Лида успокаивала мать, но видела, что все, на что та сослалась, не то, что-то другое беспокоит ее… «Без сомнения – ревность!» – к такому выводу пришла дочь и, хотя это не входило в ее принципы, все же решила поговорить с отцом. Пусть развеет глупое, скорее всего, напрасное подозрение, возникшее у них… Но разговор все время откладывала…
Время шло. Каникулы кончились, началась вторая четверть и как будто все забылось. Каждый в их семье был занят своими предметами и классами.

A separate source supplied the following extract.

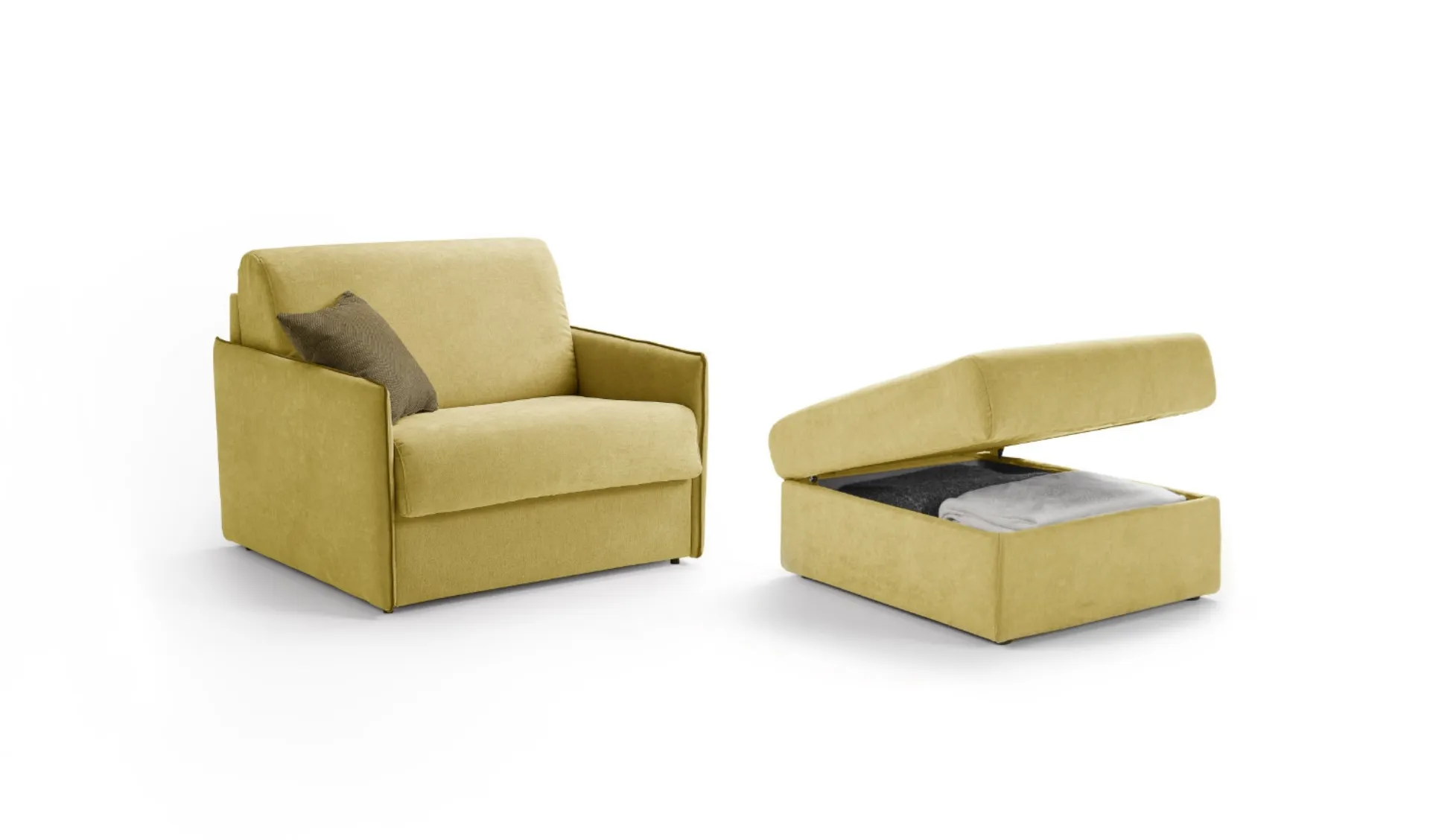 Completing the mood of your home is no small feat: Armchairs come to our rescue. The Next sofa bed armchair by Excò: all products from the brand are guaranteed to last over the years, with quality finishes and coverings, defined shapes, and a unique design. A rich catalog of modern armchairs awaits you in our showroom. In the image, you can see the Next sofa bed armchair by Excò, a specialist in the production of sofas and armchairs for the living room and other areas of the home.

Однажды, решив не тащить домой толстую пачку тетрадей с сочинениями, Лида уселась в подсобке кабинета биологии, любезно предоставленной его хозяйкой, Зоей Сидоровной. В вечерние часы это было, пожалуй, единственным свободным местом в школе, где в половине помещений располагалась школа рабочей молодежи, а в другой шла кружковая работа. Лида углубилась в проверку сочинений. Вокруг стояла полнейшая тишина и ничто ее не отвлекало.
Вдруг раздался топот ног, несколько девчонок, гомоня, словно вихрь ворвались в кабинет биологии:
- Я же говорила, я его оставила не здесь, а скорее всего после математики, когда Циркуль нас быстро выгонял.
- У него сейчас кружок, чего ты там не проверила?
- Проверишь! Класс-то заперт... Он опять с этой Биссектрисой заперся… Жди теперь, пока они свои планы… - тут собеседница расхохоталась - окончат составлять! Ты же слышала, как Биссектриса сказала: «Ребятки, выходите поскорее, нам с Петром Ивановичем надо поработать над планами!» Теперь это планами называется…
Лида слушала и не верила ушам. Она сидела словно на углях, покраснев, как будто речь шла не об отце, а о ней самой. А девчонки продолжали:
- Если составляют план, зачем же запираться?
- Инка, что ты мелешь, класс ведь не запирается! Пойдем, извинишься и возьмешь свой шарф.
- Глупая! Думаешь, они план составляют? А класс заперт - я дергала дверь, не поддается. Они, как видно, ножкой стула воспользовались, вот тебе и запор. Ты что, не знаешь, Томка, о чем уже вся школа знает? Циркуль в нее втюрился!
- Ой, а как же наша Клавочка? Вот, бедная… Но, он же старый…
- То-то и оно, что старый, и Клавочка уже старая. А Биссектриса – молодая…
- Но ей-то он зачем? Не пойму…
Лида сидела ни жива, ни мертва, с ужасом думая не только об услышанном, но и о том, что будет, если девчонки заглянут в подсобку и увидят ее подслушивающей?..
В эту минуту послышалось:
- Девочки, выметайтесь отседова! Дайте убраться! – это пришла тетя Тося, уборщица.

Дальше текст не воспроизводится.